Sex specific relationship between polygenic score (PS) and spirometry results. Boxplots of median and interquartile range (IQR) FEV1 (A) or FEV1/FVC (B) z-score by PS group (defined by PS z-score above or below 1). Whiskers extend to 1.5 times the IQR, datapoints outside this range are shown as points. P-value reported here was calculated using a two-sided t-test. Please refer to text for P-value from regression model adjusting for age and self-reported race as confounders.
Relationship between age and spirometry results by polygenic score (PS) and sex for patients with European ancestry. Scatterplots showing the relationship between age and FEV1 z-score (A) and FEV1/FVC ratio (B), with points colored by the interaction of sex and PRS status. Trendlines indicate linear relationships between age and results within each group, with confidence intervals around the trendlines included. Colors represent different combinations of sex and PRS status: black for males with High PS, orange for males with Low PS, coral for females with High PS, and blue for females with Low PS.

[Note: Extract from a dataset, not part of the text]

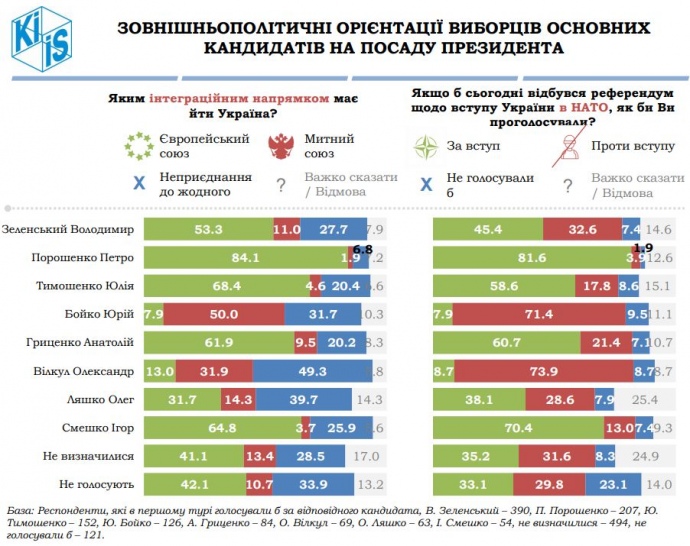Среди избирателей Владимира Зеленского сторонников ЕС и НАТО около половины (53,3% и 45,4% соответственно).

Finally, we explored if having a high PS increased the odds of having a FEV1/FVC ratio below 0.7. To this end, we created population wide, male only, and male of EUR ancestry logistic regression models (Supplemental Table 2). While significant effects were found when using population wide and male only data (P = 0.024, odds ratio [OR] = 1.26, 95% CI 1.03 to 1.54 and P = 0.017, OR = 1.37, 95% CI 1.05 to 1.77 respectively), the strongest effect was identified in males of EUR ancestry (P = 0.007, OR = 2.01, 95% CI 1.19 to 3.32).
Discussion
Our data are the first to demonstrate that a previously validated COPD PS appears to have sex-specific effects in pediatric patients with asthma. We also redemonstrated that this PS has stronger effects in patients of EUR ancestry, likely due to their overrepresentation in the UK Biobank and SpiroMeta consortium cohorts. Additionally, it is important to note that our study population, which consists predominantly of children with AFR ancestry, differs in ancestry from the EUR-dominated cohorts used in the original GWAS of lung function in COPD patients. This ancestry mismatch may contribute to the observed differences in PS performance and underscores the need for developing ancestry-specific polygenic scores to improve accuracy and equity in genetic risk prediction. We observed that males with a high PS and European ancestry had significantly lower FEV1 and FEV1/FVC than patients with a low PS. For patients in this group, having a high PS increased the odds of having ‘COPD’ as defined by a FEV1/FVC < 0.7.
Sex differences in disease genetics have been well described and understanding these differences is a prerequisite to operationalizing a PS as a biomarker22,23. In our study, the association between COPD PS and spirometry values was specific to males. This is consistent with the previous association between this PS and the male predominant (71% of patients) ‘reduced lung growth’ category in the CAMP pediatric asthma cohort8,10.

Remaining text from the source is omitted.